» **Work to complete**
Nothing but the lines from the one showing "De 24V LED-lamp" through the final line of the data below belongs in the answer, duplicated exactly and without pictures.

» **Source data**
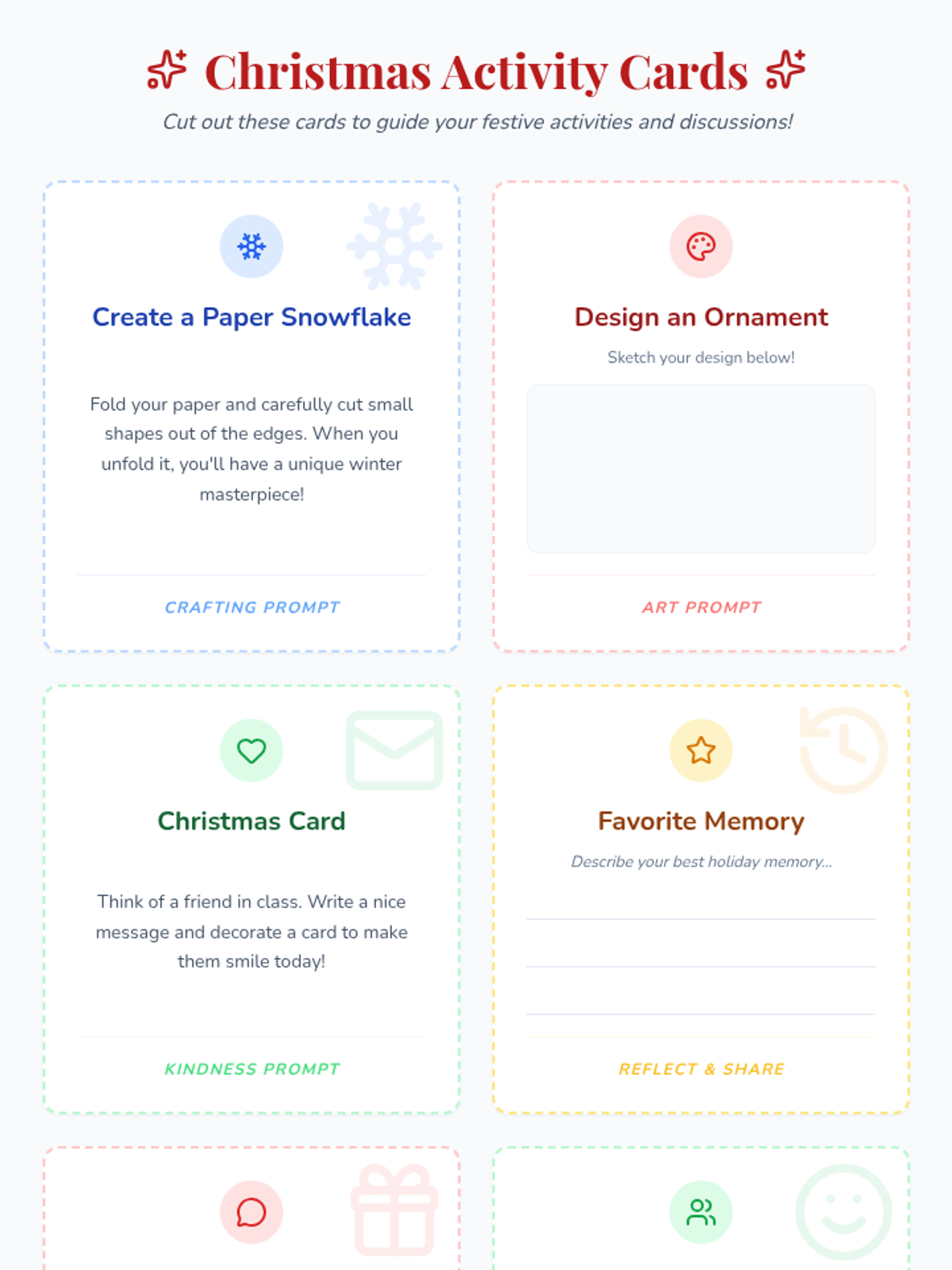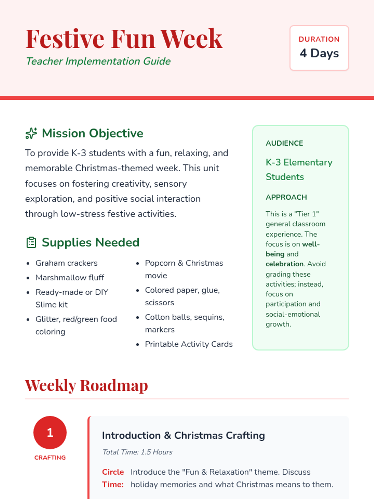 A 4-day series of festive activities including crafting, sensory slime-making, tasty treat construction, and a cozy movie day.
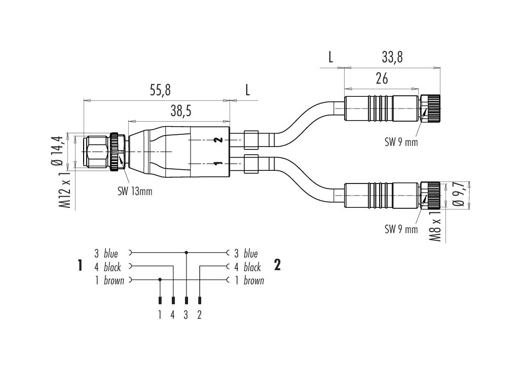 M12/M8 Male cable splitter - 2 female cable connectors, Contacts: 4/3, unshielded, moulded on the cable, IP67, UL 2238, PUR, black, 3 x 0.34 mm², 2 m
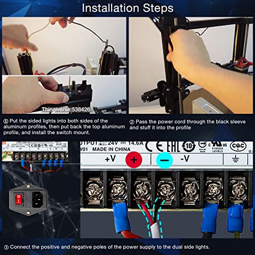 De 24V LED-lamp 7,5W dual-side lichtbalk verlicht het hele bouwbed van Ender 3 V2 Pro, S1, CR6SE en Aquila 3D-printers met een 2020-profiel. Dankzij de dubbele LED-strips en mechanische schakelaar is het printgebied gelijkmatig en zonder schaduwen verlicht.
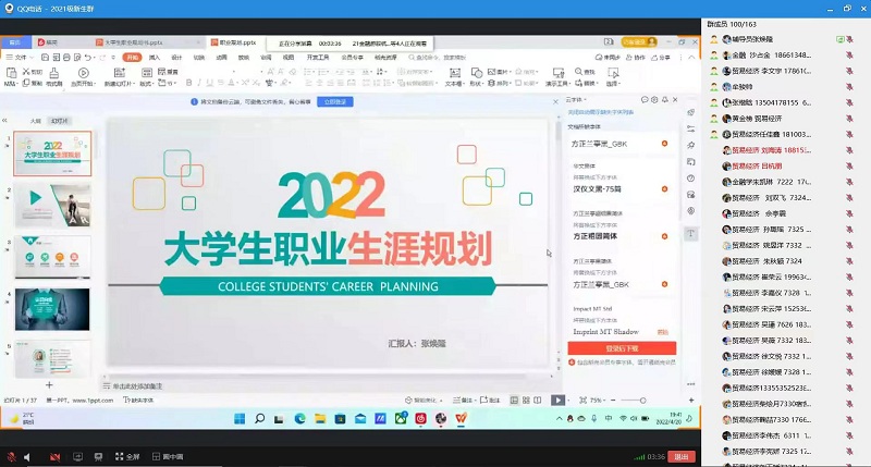 更新时间:2022-05-02 10:21 当前,大学生就业形势日益严峻。为做好受新冠肺炎疫情影响下的大学生就业工作,帮助学生明确就业方向,提高就业质量,我院于4月21日晚召开线上就业指导服务系列讲座——“大学生职业生涯规划”。本次讲座的主讲人为2021级辅导员老师张焕隆,2021级贸易经济、2021级金融学、2021级投资学三个专业共160名学生参与此次讲座。
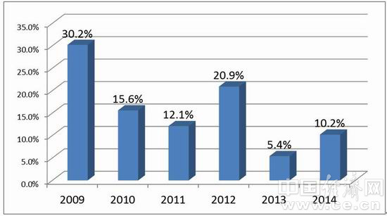 报告认为,在我国高校招生总量控制的大背景下,会展招生数仍延续上升势头。近年来,全国会展专业总招生人数的年增长率为:2009年30.2%,2010年15.6%,2011年12.1%,2012年20.9%, 2013年5.4%,2014年10.2%(图3)。
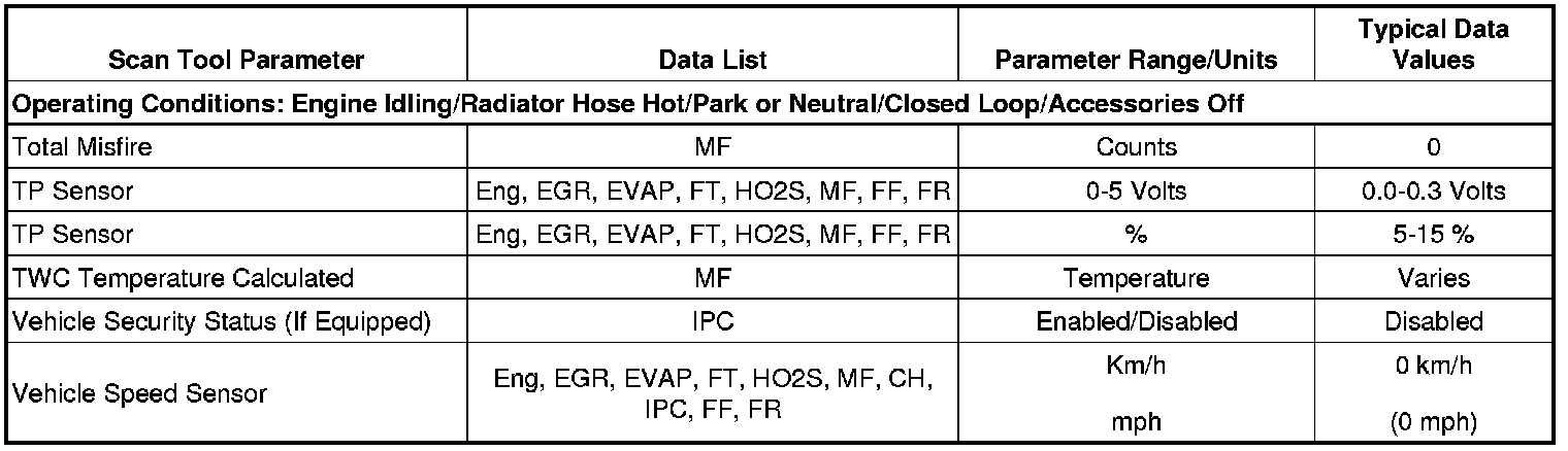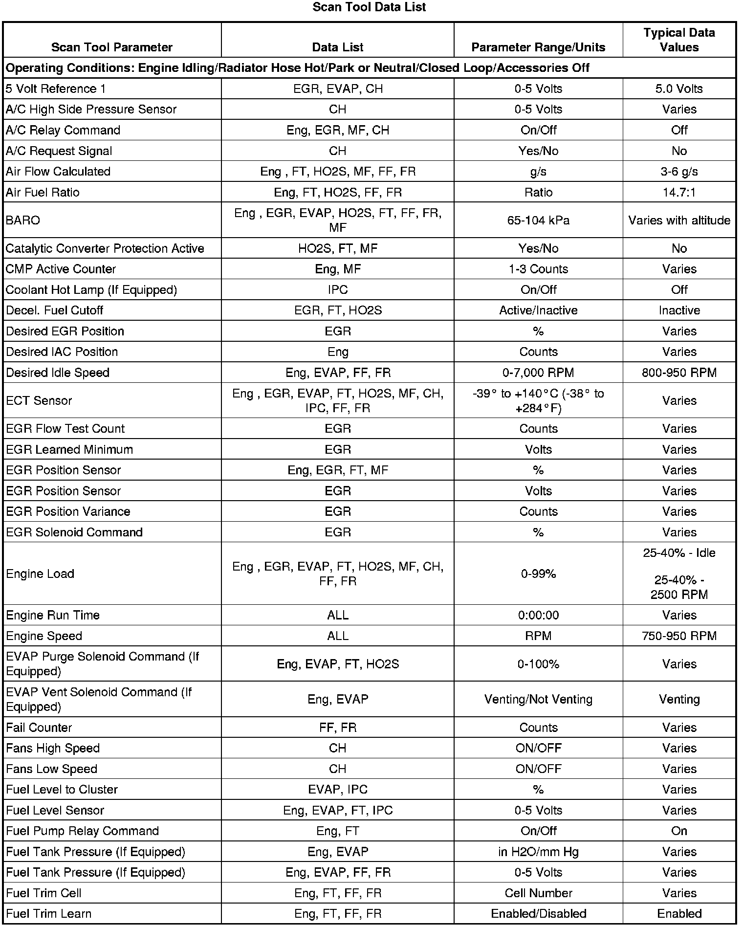 The Engine Scan Tool Data List contains all engine related parameters that are available on the scan tool. The list is arranged in alphabetical order. A parameter may appear in any one of the data lists, and in some cases may appear more than once, or in more than one data list in order to group certain related parameters together.
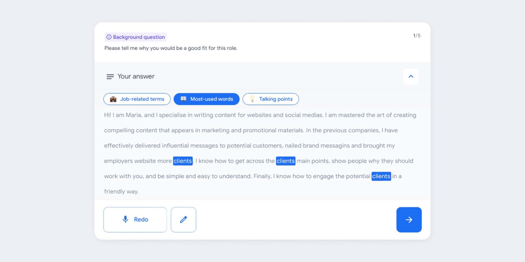 Google Interview Warmup records all your answers and assists you in analyzing what you've said. You can also listen to everything afterwards or re-record.
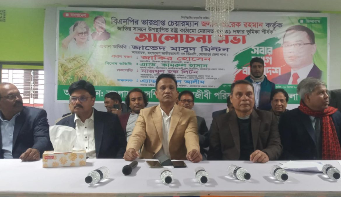 মেহেরপুরে পেশাজীবী সংগঠনের উদ্যোগে বিএনপি’র ৩১দফা বাস্তবায়নের লক্ষ্যে আলোচনা সভা
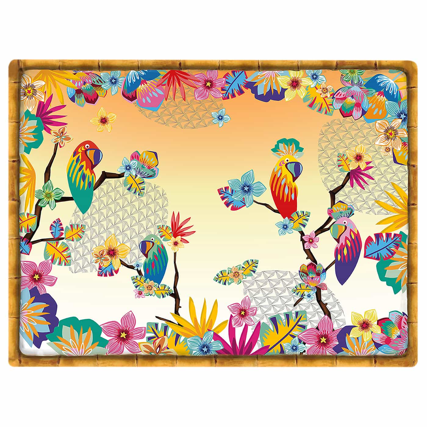 Ses belles couleurs tropicales et ses perroquets sublimeront votre table. Ce set de table est vendu par 6 pièces.
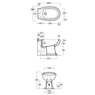 El set incluye: AR811 - inodoro tradicional de suelo con desagüe de pared Ficha técnica AR833 - bidé de un orificio sin reborde (sin borde interno) Ficha técnica AR002 - asiento de inodoro de poliéster blanco con bisagras cromadas
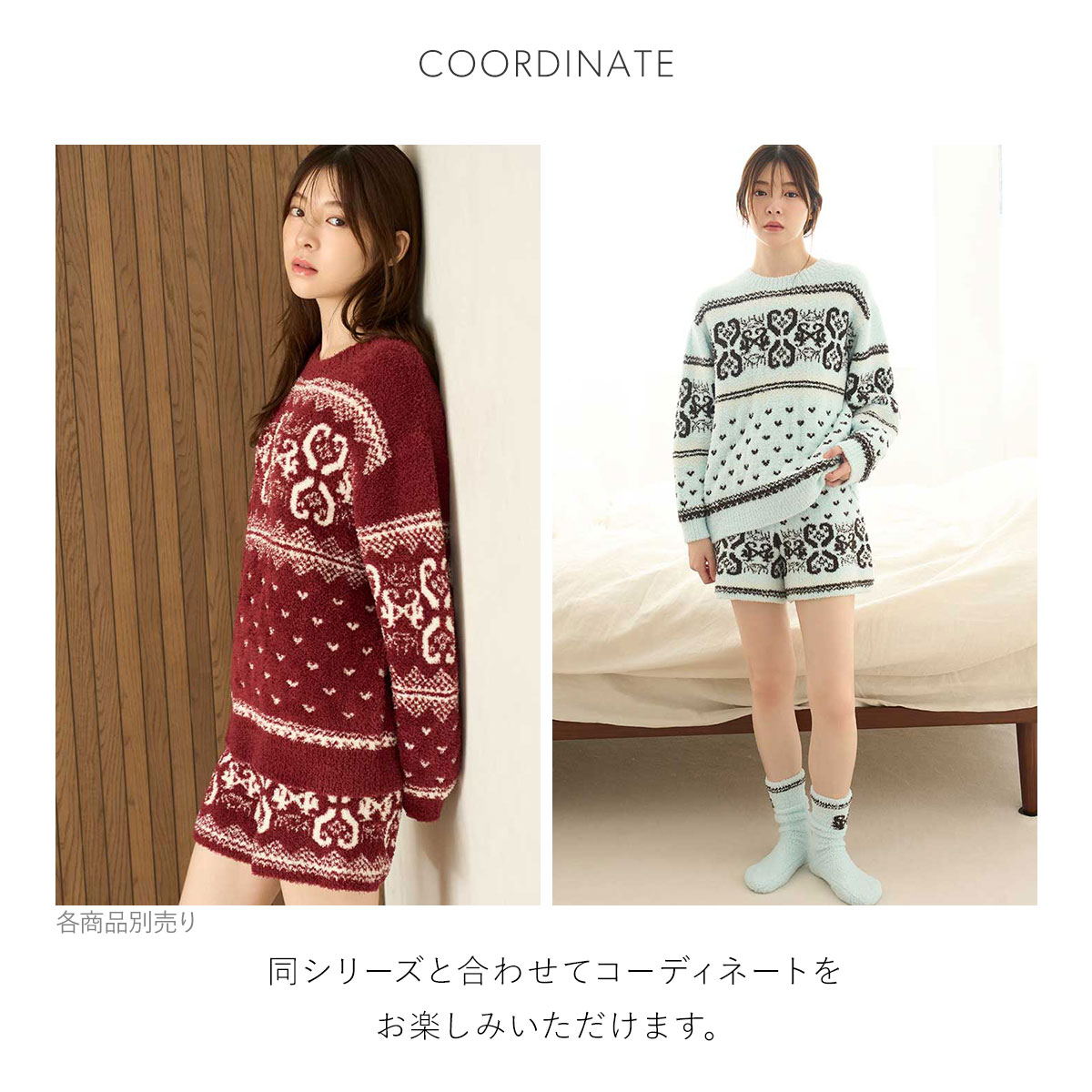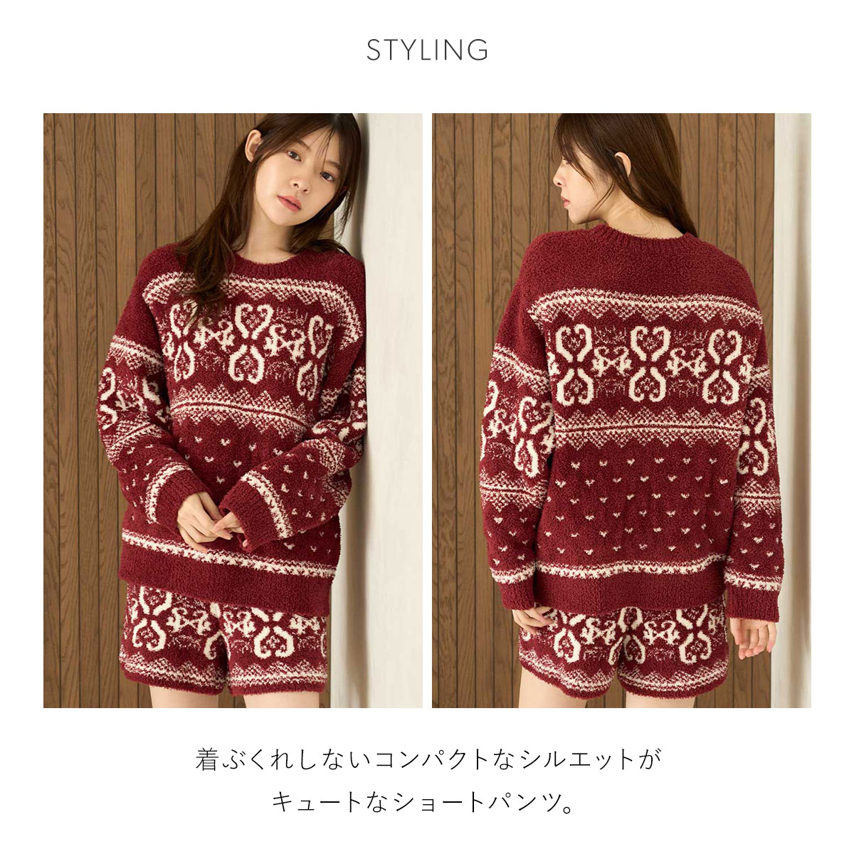 SNIDEL HOMEのイニシャルやハート模様などを取り入れた、コージーなノルディック柄ニットシリーズ。

» **Answer box**
 De 24V LED-lamp 7,5W dual-side lichtbalk verlicht het hele bouwbed van Ender 3 V2 Pro, S1, CR6SE en Aquila 3D-printers met een 2020-profiel. Dankzij de dubbele LED-strips en mechanische schakelaar is het printgebied gelijkmatig en zonder schaduwen verlicht.
 更新时间:2022-05-02 10:21 当前,大学生就业形势日益严峻。为做好受新冠肺炎疫情影响下的大学生就业工作,帮助学生明确就业方向,提高就业质量,我院于4月21日晚召开线上就业指导服务系列讲座——“大学生职业生涯规划”。本次讲座的主讲人为2021级辅导员老师张焕隆,2021级贸易经济、2021级金融学、2021级投资学三个专业共160名学生参与此次讲座。
 报告认为,在我国高校招生总量控制的大背景下,会展招生数仍延续上升势头。近年来,全国会展专业总招生人数的年增长率为:2009年30.2%,2010年15.6%,2011年12.1%,2012年20.9%, 2013年5.4%,2014年10.2%(图3)。
 The Engine Scan Tool Data List contains all engine related parameters that are available on the scan tool. The list is arranged in alphabetical order. A parameter may appear in any one of the data lists, and in some cases may appear more than once, or in more than one data list in order to group certain related parameters together.
 Google Interview Warmup records all your answers and assists you in analyzing what you've said. You can also listen to everything afterwards or re-record.
 মেহেরপুরে পেশাজীবী সংগঠনের উদ্যোগে বিএনপি’র ৩১দফা বাস্তবায়নের লক্ষ্যে আলোচনা সভা
 Ses belles couleurs tropicales et ses perroquets sublimeront votre table. Ce set de table est vendu par 6 pièces.
 El set incluye: AR811 - inodoro tradicional de suelo con desagüe de pared Ficha técnica AR833 - bidé de un orificio sin reborde (sin borde interno) Ficha técnica AR002 - asiento de inodoro de poliéster blanco con bisagras cromadas
 SNIDEL HOMEのイニシャルやハート模様などを取り入れた、コージーなノルディック柄ニットシリーズ。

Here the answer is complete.